At the same time, ‘paradigm’ and ‘methodology’ will be used to refer specifically to an approach to data acquisition and interpretation. This methodology may be qualitative, quantitative, or both. The decisions researchers make on how to gather and treat information inherently changes how it may be understood, both by the researcher and readers. This is commonly the focus of research discussions and may be used as a broad way of classifying research. The methodology is generated based on how the researcher chooses to approach knowledge, and how they choose to gather the information in relation to good hypotheses.

Finally, ‘theory’ and ‘theoretical background’ are used to describe a lens on the data, brought by a previous framework of empirical findings and their interpretation. As all modern research stands on conclusions derived from a combination of previous observations and empirical findings, theory allows researchers to develop ideas based on solid grounding.

While theory does not have to be the grand theories outlined in Chapter 2, good research requires the use of a basic set of background knowledge about the field of inquiry.

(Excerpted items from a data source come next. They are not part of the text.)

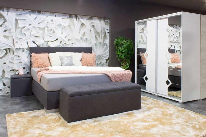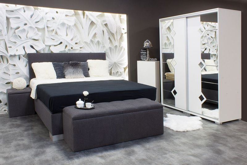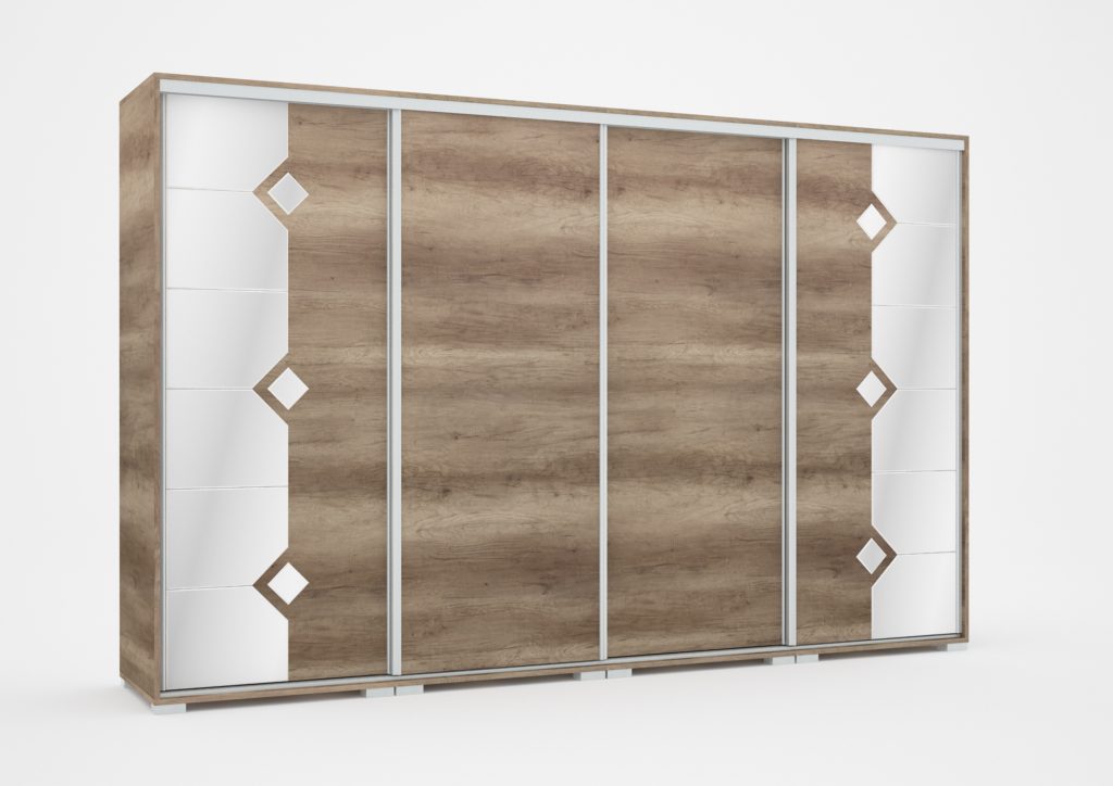 Diamond gardróbunk igazi „ékszer” lehet a hálószobájában. 7 méretben és 16 színben kapható. Külsejét tekintve egy nagyon fiatalos, nőies, elegáns gardrób. Az ajtón található szögletesen vágott tükrök jellegzetes karakteres megjelenést adnak a gardróbnak. Opcionálisan választható termékek: – sarokpolc – tolóajtós sarokelem – fózolt tükör – tükör – fiókos alsó magasító – tolóajtós felső magasító.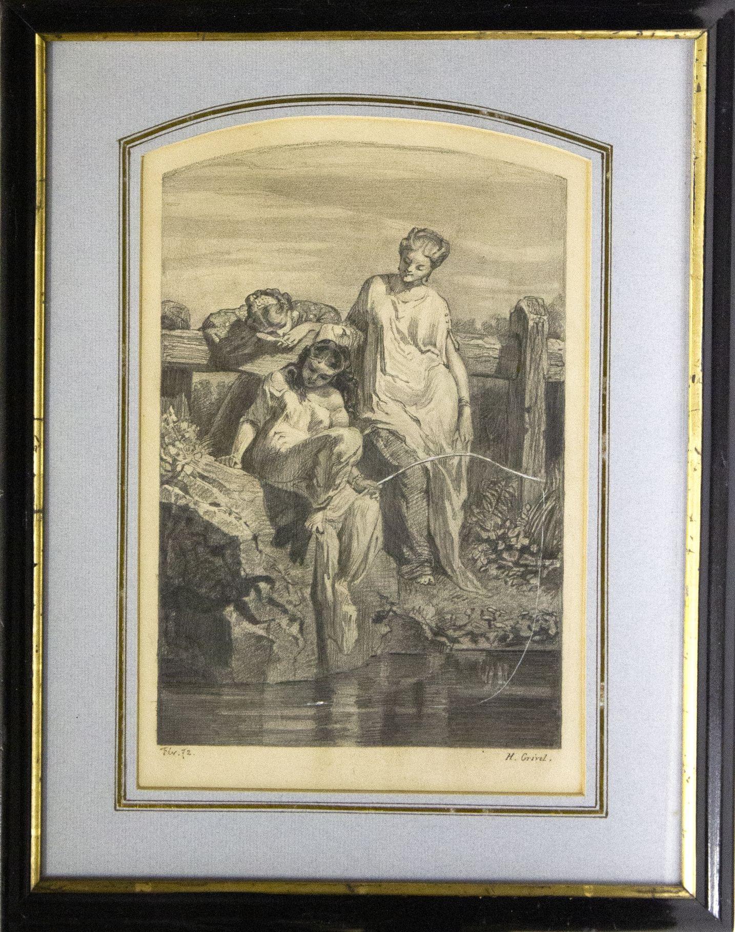 Jeunes femmes au bord de l'étang, mine de plomb sur papier, 25x16 cm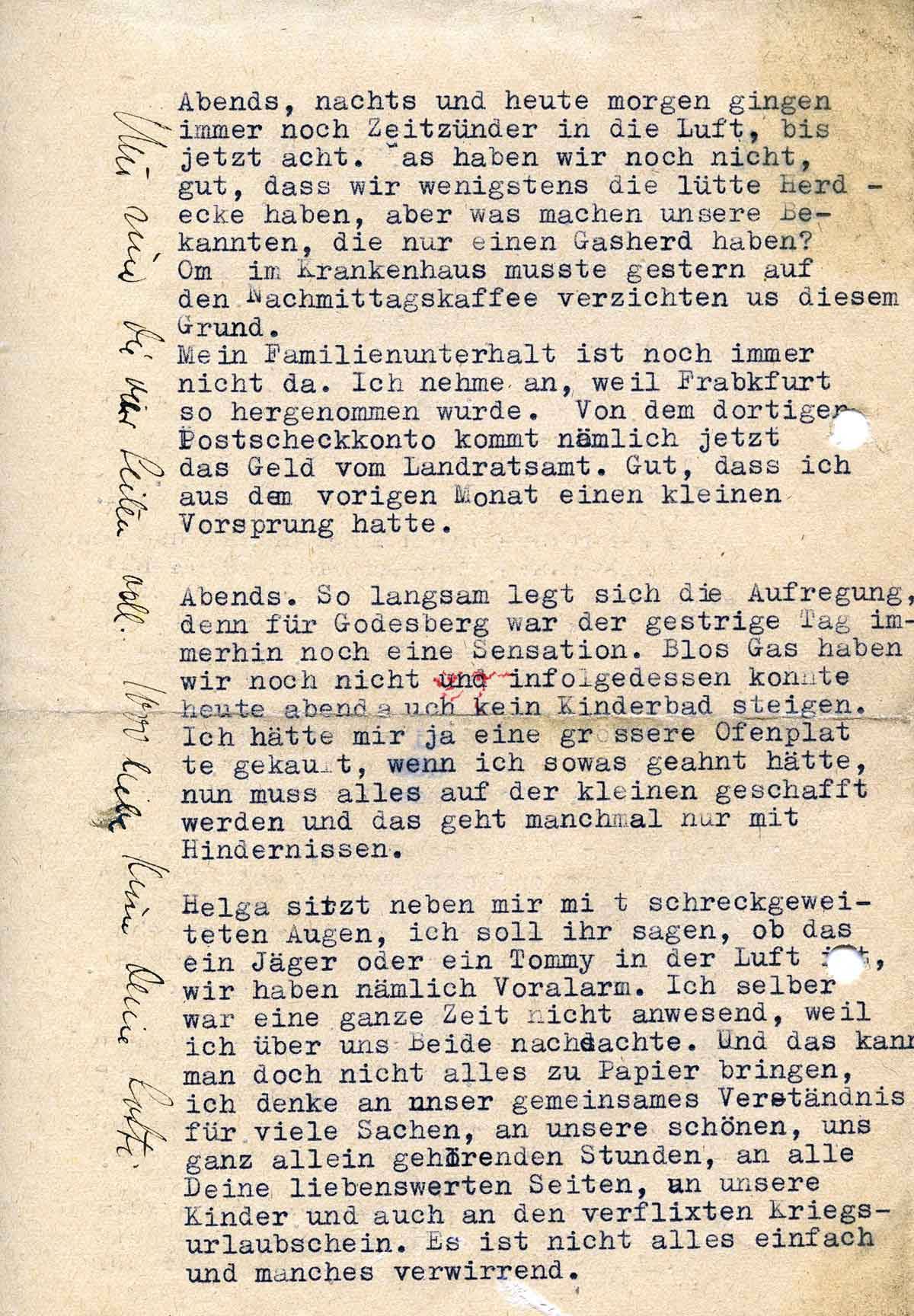 Helga sitzt neben mir mit schreckgeweiteten Augen, ich soll ihr sagen, ob das ein deutscher Jäger oder ein Amerikaner in der Luft ist. Wir haben nämlich Voralarm. Ich selber war eine ganze Zeit nicht anwesend, weil ich über uns beide nachdachte. Und das kann man doch nicht alles zu Papier bringen. Ich dachte an unser gemeinsames Verständnis für viele Sachen, an unsere schönen, uns allein gehörenden Stunden, an alle Deine liebenswerten Seiten, an unsere Kinder und an den verflixten Kriegsurlaubsschein. Es ist nicht alles einfach, und manches verwirrend.

Strong theories allow for the testing of well-grounded hypotheses about the data.

Thus, all research occurs at the intersection of these three viewpoints. Theory allows for the generation of hypotheses. Method controls how the data is gathered gathered. Both are informed by an underlying worldview which grants affordances to—as well as placing constraints on—the method of interpretation. These three simultaneously influence every aspect of the data acquisition and interpretation. Figure 4.1 renders these in a three-dimensional space, with data seen and triangulated by the researcher. By clarifying this framework, the researcher may clarify existing biases, data gathering and interpretation methods, and intended outcomes.

Figure 4.1. Three primary frameworks used in data analysis and interpretation in any program of research.